The laundry, the dishes and bills will wait, renewing my spirit, my inner battery if you will, that can’t wait.

          And so I’ll hurry up and zip over to my Weight Watchers meeting and see how my week went. I had hoped to ‘stay on program’ 100 %, every day, all the time. Instead, 92% of the time more accurately reflects my level of performance. Hilarious, I’m grading myself; Those of you out there who’ve tried to change pesky habits can relate.



          To each of you, whom perhaps I will never meet, find your own moments of renewal. Seek God, seek peace and refresh for the days ahead. Be blessed, joy will come in the morning. Perhaps on eternities shore.

Wednesday, April 2, 2014

Ninety days to a more........

Ninety days to a more….. Day 1
Me at Enchanted Forest. 

When I was young, I loved magazines. My mom would buy me new issues of Seventeen and I would pour over the pages; admiring this look or that outfit.
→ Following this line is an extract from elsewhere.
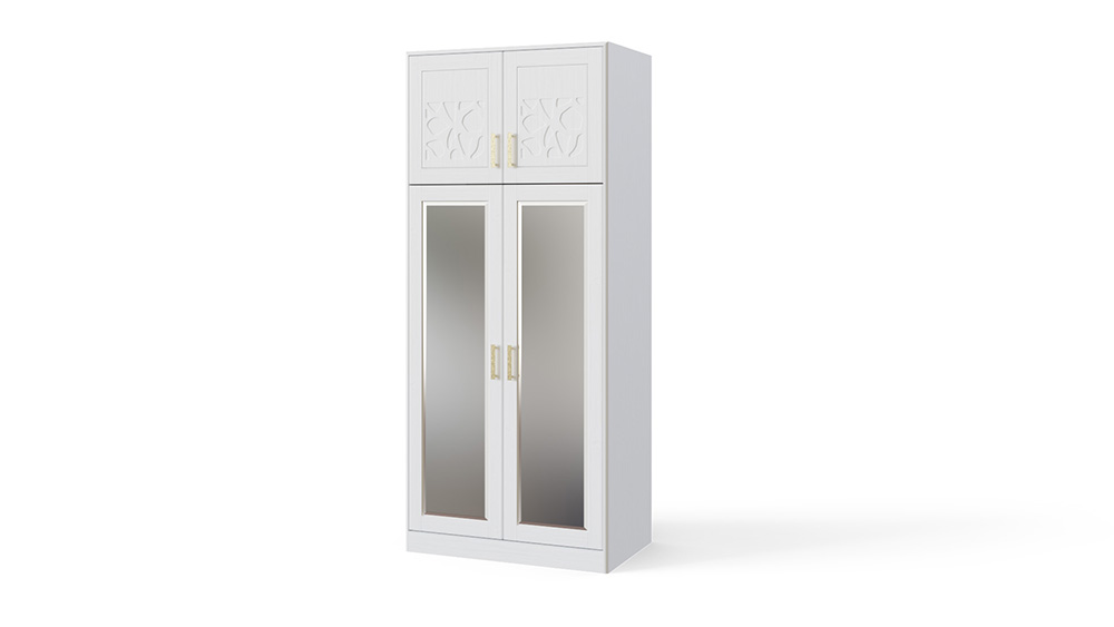 Шкаф производится с антресолью в верхней или нижней части шкафа, а также с двумя выкатными ящиками. В стандартном исполнении в большей створке - зеркало с фацетом, выполняет роль филенки в фасаде, по желанию возможна установка дверей из 100 % массива дерева. Корпус шкафа изготавливается только из массива бука или ясеня. Двухстворчатый шкаф – это достаточно вместительный элемент мебели спальни Веро. Авторская резьба на фасадах шкафа делает его произведением мебельного искусства. Распашные дверцы шкафа оснащены петлями с системой дозакрытия в базовой комплектации, а выкатные ящики – телескопическими направляющими. В большей секции шкафа предусмотрена штанга для плечиков. По желанию шкаф может быть оснащен любым количеством полок. Стандартно предусмотрено три комлектовки шкафа: с антресольной секцией вверху или внизу шкафа, а так-же с двумя выкатными ящиками. Требуется сборка.

She also bought Women’s Day and I would eagerly read every article of 30 days to a more beautiful you; or ooh and ahh over the make-. over pages.


          Frumpy, plain women would emerge as beautiful, sleek, stylish women. Cool hair, cool clothes, cool make-up. Wow! I was impressed. In my teenage, young adult years I would try to do my versions of a “make-over.”  In hindsight I realize I was blessed with good genes and looks and a “fit-over” would have helped immensely.

          So now at 63, what in the world do I call a “me-over?”  Don’t know only know that in the next 90 days I’m going to try to be more health conscious in every way I can. I am somewhat hampered by long work hours, but I’m going to try anyway.

          Bible in hand, I am going to gird up this project with prayers and promises that God can renew my strength with His strength. That he can restore my youth. That I can mount up on wings as Eagles, “run and not be weary, walk and not faint.” Isaiah

          So here I am, looking out on my flowering cherry trees, fog shrouding the hills with a blanket of white. New work week ahead of me. A million details threaten to surround me with their own insistent fog of, “get it done!” but I will continue to seek peace and pursue it.

          Who else wants to join me on my journey for the next 90 days?

          I think I will do some before and after photos; I used to love looking at those.
          I’m sure God has His own before and after photos of us. How glad I am that He sees me through Jesus.
          I’m cold, it’s freezing, will warm weather never come?
          Be blessed and see you tomorrow.
          Joy will come in the morning.